It’s joyful work, she says.
“My students are amazing. They are so funny,” she says, adding that she enjoys special education students. “That’s my favorite type of student. For me, relationships are key. The kids know that I care about them, that I will fight for them. The classroom feels like home. And our differences are our strengths.”
Embracing leadership
In Denver, Ceballos Gonzales will teach K-5 reading and writing in Spanish in a special education classroom through a one-year permit to work. Eventually she will get a work visa, and then apply for a green card and citizenship.

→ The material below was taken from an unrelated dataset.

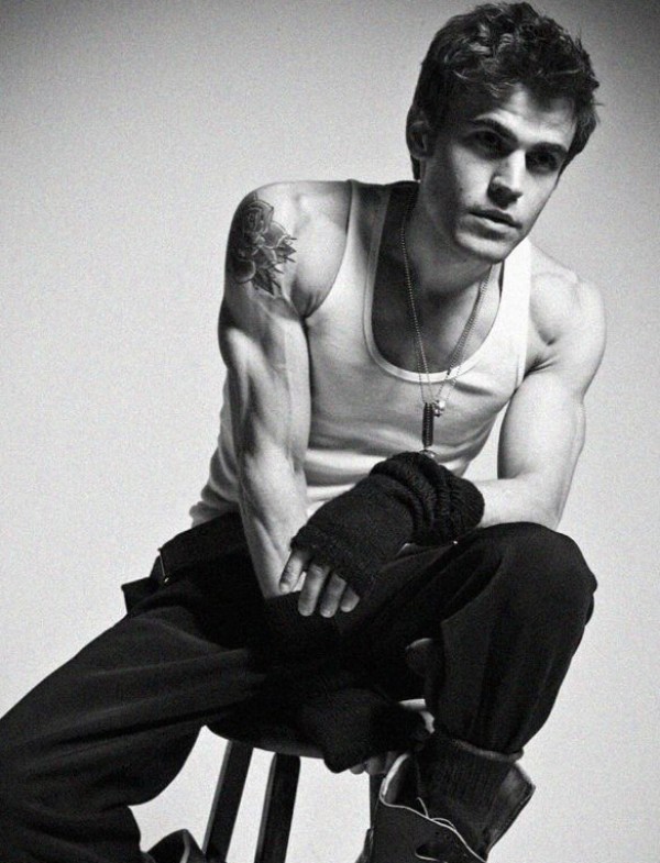 保罗韦斯利肩膀处漂亮的玫瑰刺青图案

A master’s degree in inclusive education also is in the future, says Ceballos Gonzalez, who aced all of her teacher Praxis exams. Because she knows leadership skills are important skills for teachers, she pursued all three levels of certification through the Leadership Rowan program.
“I want to be a teacher leader who also empowers students to be successful leaders in society,” she says.
Like Perry, Medina knows Ceballos Gonzalez will succeed.
“She has her wings. She needs to fly. And she will fly,” Medina says. “Her success truly is a testament to what hard work and dedication can do. She will make a difference in a lot of kids’ lives. She brings a lot of virtue into whatever she does. You can just feel her spirit.”
The irony that she’s moving to snowy Colorado isn’t lost on Ceballos Gonzalez.
“It is going be nice to be surrounded by so much nature,” says Ceballos-Gonzalez, who has an adventurer’s spirit. “Who would have thought that winter would become one of my favorite seasons?”